All these machinations that we will be privy to before the Democratic Rules and Bylaws Committee meets this weekend to decide how to handle the mess the Michigan and Florida state delegations have become will probably give us some new numbers to live by.

The end result of all the posturing and protesting that will take place Saturday at the Marriott Wardman Park Hotel in Washington, DC will most likely be the emergence of a new goalpost – maybe 2208 delegates this time – that Obama or Clinton will have to acquire in order to claim the nomination.


I have heard this story before.



Growing up, my father used to tell us colorful stories about his uncles and aunts and cousins who grew up around him in the country.

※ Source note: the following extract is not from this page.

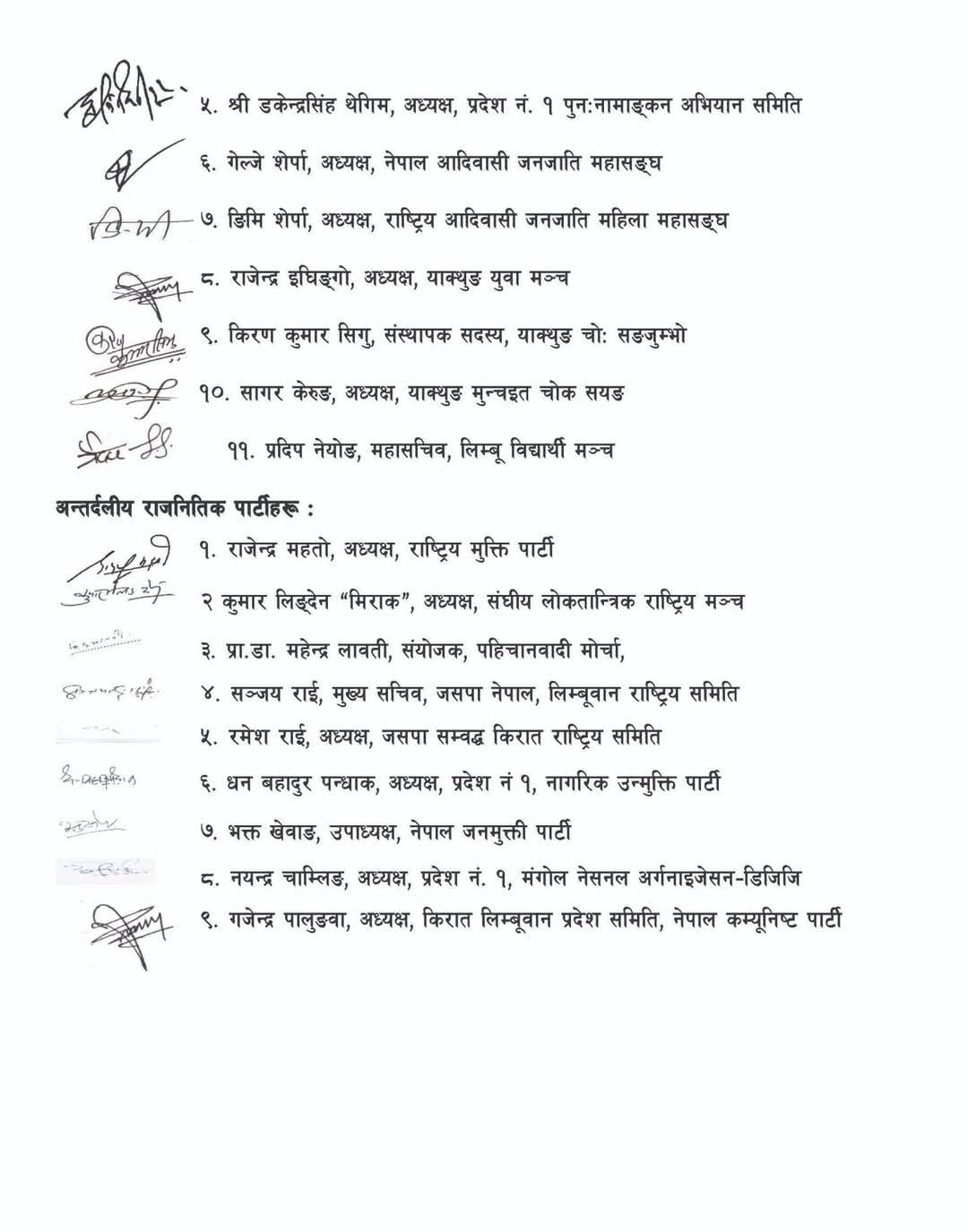 मुक्कुम्लुङ ताङ्सेप चुम्भोका मुक्कुमलुङ संरक्षण संयुक्त सङ्घर्ष समितिका संयोजक श्रीप्रसाद लिम्बू, पाथीभरा केबलकार खारेजी संयुक्त सङ्घर्ष समिति संयोजक खगेन्द्र फेम्बू, किरात याक्थुङ चुम्लुङ संघीय समिति अध्यक्ष तथा प्रदेश नं १ पुन: नामाङ्कन संयुक्त संघर्ष समिति संयोजक प्रेम येक्तेन, लिम्बु थरगत संस्था (याक्थुङ सयङ) सहजीकरण समूह संयोजक नन्द कन्दङवा, किरात धर्म तथा साहित्य उत्थान सङ्घ अध्यक्ष तथा प्रदेश नं १ पुन: नामाङ्न अभियान समिति संयोजक डकेन्द्रसिंह थेगिम, नेपाल आदिवासी जनजाति महासंघ अध्यक्ष गेल्जे शेर्पा, नेपाल आदिवासी जनजाति महिला महासंघ अध्यक्ष ङिमी शेर्पा, याक्थुङ युवा मञ्च अध्यक्ष राजेन्द्र इधिङ्गो, याक्थुङ चो सङजुम्भो संस्थापक सदस्य किरणकुमार सिगु, याक्थुङ मुञ्चइत चोक सयङ अध्यक्ष सागर केरुङ र लिम्बू विद्यार्थी मञ्च महासचिव प्रदिप नेयोङले हस्ताक्षर गरेका छन् ।

One of the stories that has stuck in my mind for years was the one about an old plantation, located a few miles from my grandfather's house in the Lowcountry of South Carolina, that became a sharecropping operation after their slaves were freed.

His cousins had lived on this plantation's grounds for generations. They were still there at the middle of the twentieth century, even as the civil rights movement was fomenting around them. They worked the landowner's land by day and lived in the landowner's shacks by night.

Stores for groceries and clothes were far and few between – moreover, you needed to have cash money to purchase any goods. But sharecroppers didn’t need to go to local stores – the landowner had a store he operated especially for his help. This commissary was a place were the sharecropper could buy clothes and food on credit until harvest time, when his share of the crop went to market.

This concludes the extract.